Here are the relevant passages from Lloyd's latest piece:

THE UN's climate change chief, Rajendra Pachauri, has acknowledged a 17-year pause in global temperature rises

{...}

Unlike in Britain, there has been little publicity in Australia given to recent acknowledgment by peak climate-science bodies in Britain and the US of what has been a 17-year pause in global warming. Britain's Met Office has revised down its forecast for a global temperature rise, predicting no further increase to 2017, which would extend the pause to 21 years.

Dr Pachauri said global average temperatures had plateaued at record levels and that the halt did not disprove global warming.

"The climate is changing because of natural factors and the impact of human actions," Dr Pachauri said.

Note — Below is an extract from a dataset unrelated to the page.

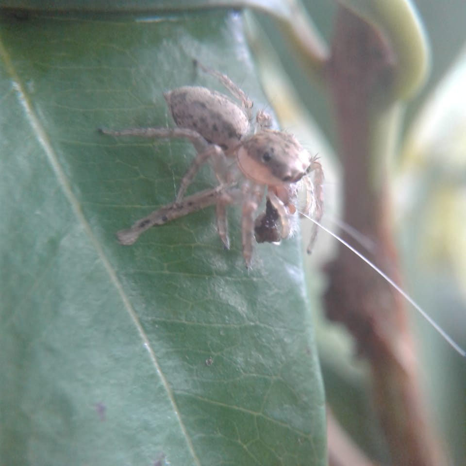 Seperti halnya laba-laba ini yang terlihat sedang memakan sesuatu di mulutnya. Karena hewan laba-laba adalah hewan predator maka uang dimakannya adalah hewan kecil lainnya yang lebih kecil dari dirinya.
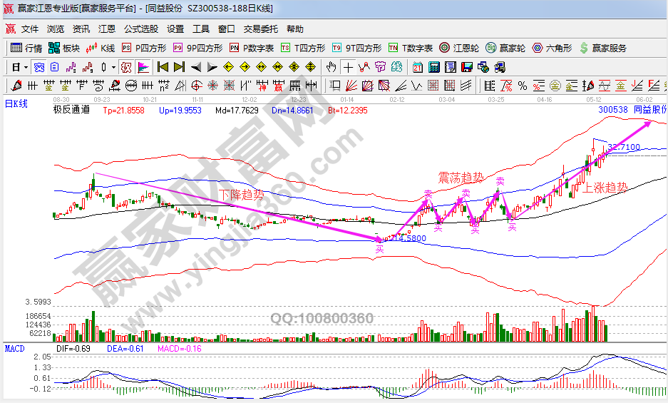 綜上而言,股價處于上升趨勢,積極操作耐心持股贏取大波段利潤;股價處于下跌趨勢,管住手耐心持幣等待新的機(jī)會;股價處于盤整趨勢,可以結(jié)合價格波動的支撐和阻力,進(jìn)行小波段低吸高拋。在趨勢的具體應(yīng)用上,給大家推薦一個經(jīng)典工具:極反通道。通過5條線,直觀量化趨勢方向及波動空間。

The claim about the "peak climate-science bodies" undoubtedly refers to another misleading newspaper article wrongly claiming that global warming stopped by the Mail's David Rose, and Lloyd's comment about the Met Office prediction is also inaccurate.  Ultimately the only statement the Australian article attributes to Pachauri on this subject is that "global average temperatures had plateaued at record levels and that the halt did not disprove global warming."

Again note that the story is paraphrasing Pachauri rather than quoting him directly.  Had he said that global surface air  temperatures have plateaued and that this doesn't disprove global warming, he would be 100% correct.  Though it's also worth noting that over the past 17 years, the global surface temperature trend is approximately 0.10 ± 0.13°C per decade, which is most likely positive (warming).

More importantly, over the past 17 years the planet has accumulated the equivalent energy to detonating 3.7 Hiroshima atomic bombs per second, every second.  It takes a fundamental misundertanding of the global climate to deny that immense amount of global warming.

As long as humans continue to increase the greenhouse effect by adding more and more CO2 to the atmosphere, global warming will continue.  That is a physical reality that cannot be changed by misstatements or misquotes or misrepresentations or denial.  Global warming will not stop until we do something to stop it.

To hear what Pachauri actually thinks about global warming without first passing through The Australian's filter, you can listen to interviews with him on Radio Australia and ABC News.  Also see a similar debunking of this myth by The Australian Climate Commission.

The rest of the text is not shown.